Live album by Mr. Children
- Released: September 8, 1999
- Recorded: June 26, 1999, at the Makomanai Ice Arena, Sapporo, Hokkaidō, Japan (except the bonus track "Dakishimetai" recorded at Ginowan Seaside Park, Ginowan, Okinawa, Japan)
- Genre: Pop rock, power pop, progressive rock, alternative rock
- Length: 48:42 (Disc 1) 62:24 (Disc 2)
- Label: Toy's Factory
- Producer: Takeshi Kobayahi

Mr. Children chronology
| Discovery (1999) | 1/42 (1999) | Q (2000) |

= 1/42 =

1/42 is the only live recorded album for the Japanese band Mr.Children, released as a limited edition with 500,000 units in September 1999.

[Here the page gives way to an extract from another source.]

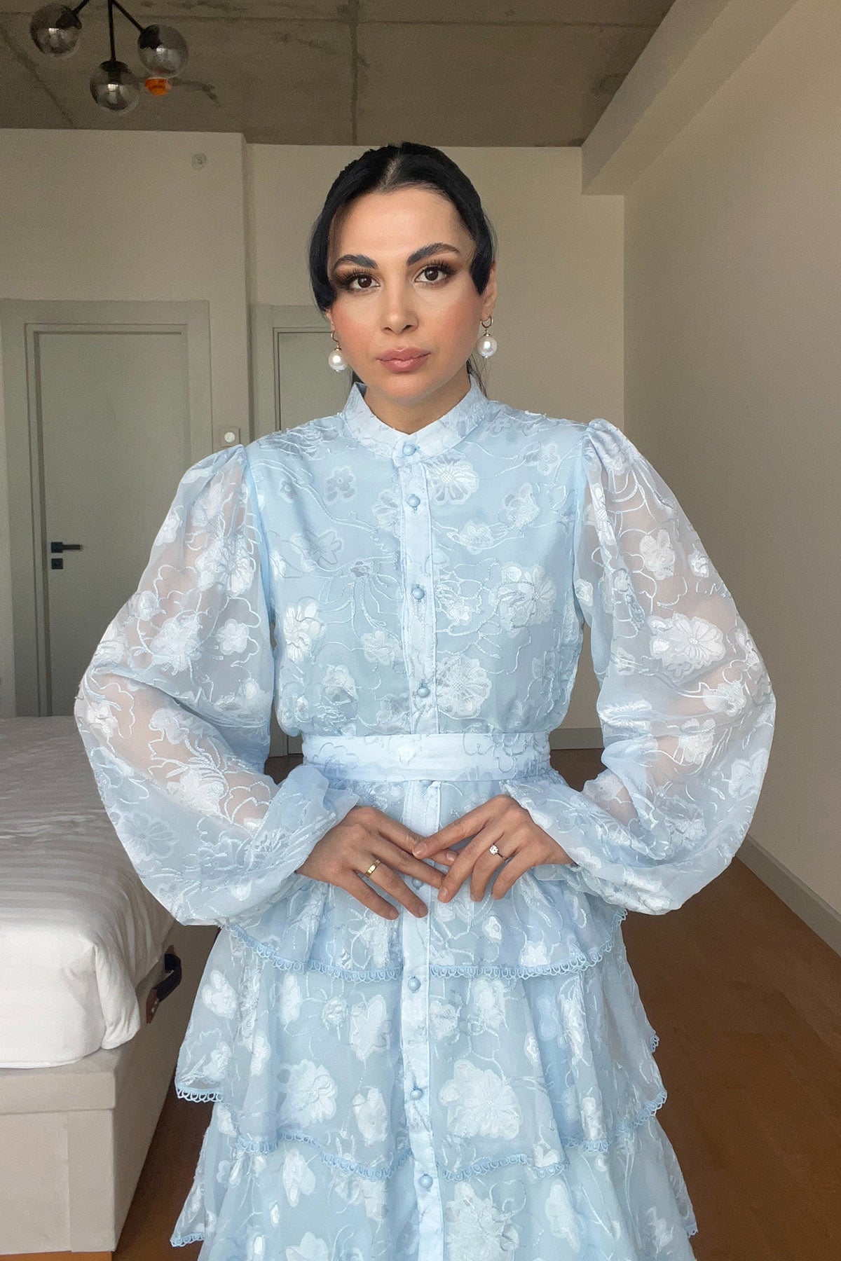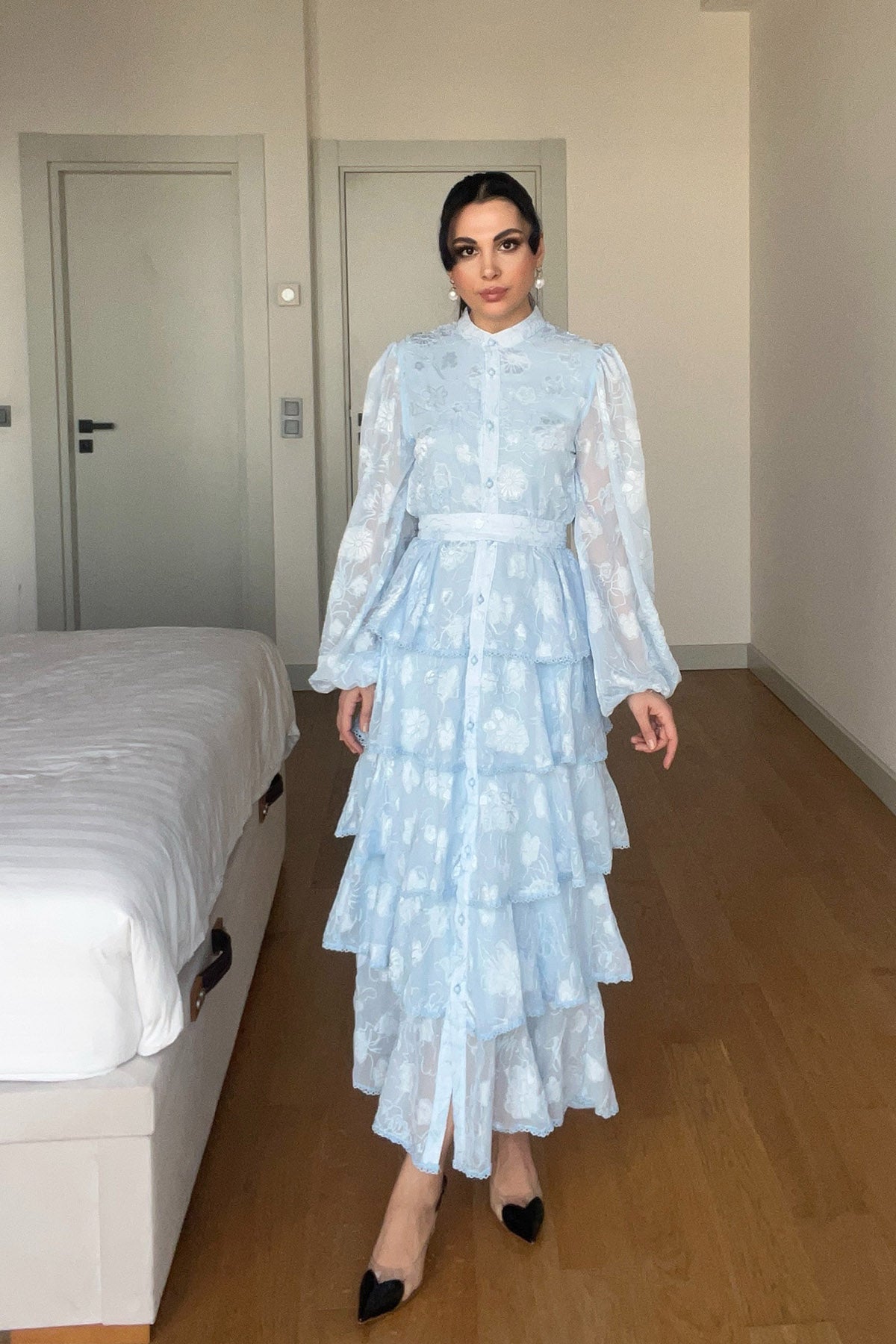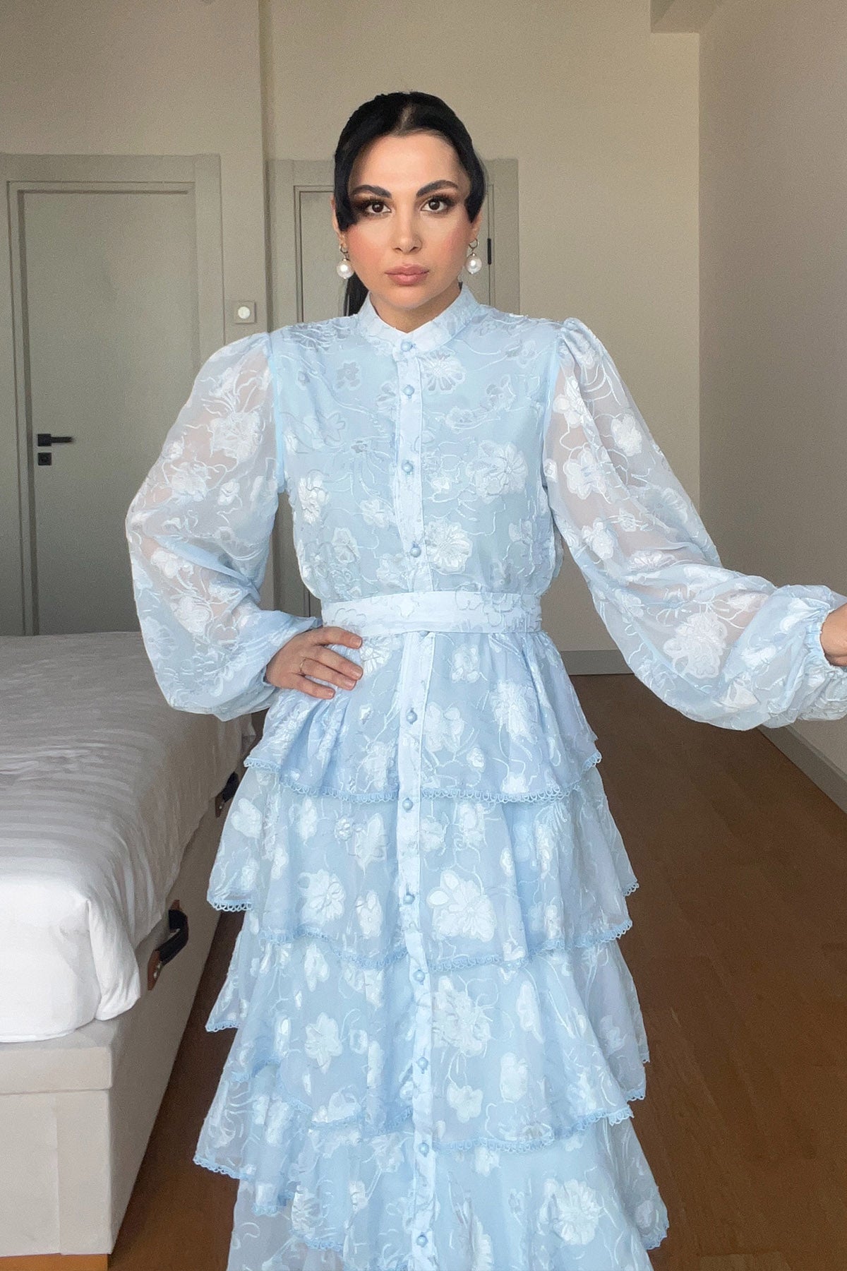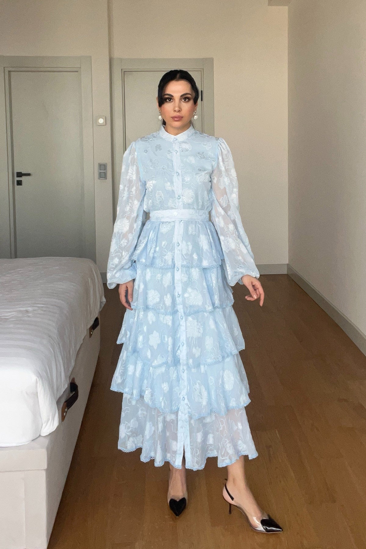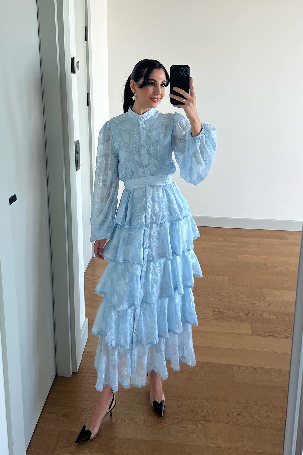 Bebe Mavisi Valonlu Şerit Detaylı Kat Kat Elbise SY-1747-Bebe Mavisi

Its title was derived from the number of the places where the band played on that year's their concert tour entitled Discovery. All tracks were adopted from the live performance at the Makomanai Ice Arena, recorded on July 26, 1999, except for the additional track "Dakishimetai" that was recorded in the gig at the Okinawa Ginowan Seaside Park.

The double album debuted at the position of #1 on the Japanese Oricon albums chart and sold out 7 weeks later from its release. Finally the album was certified RIAJ double-platinum status, selling estimated more than 500,000 copies.

==Track listing==
- All songs written and composed by Kazutoshi Sakurai

===Disc one===
1. "Discovery"
2. "Undershirt"
3. "Namonaki Uta" (名もなき詩)
4. "Prism"
5. "Everything (It's you)"
6. "I'll be"
7. "Hana (花) -Mémento-Mori-"
8. "Simple"

===Disc two===
1. "Love Connection"
2. "Dance Dance Dance"
3. "Nishi e Higashi e (ニシエヒガシエ)"
4. "La La La"
5. "Tomorrow never knows"
6. "Owarinaki Tabi (終わりなき旅)"
7. "Hikari no Sasu Hou he (光の射す方へ)"
8. "innocent world"
9. "Image"
10. "Dakishimetai (抱きしめたい)" [Bonus Track]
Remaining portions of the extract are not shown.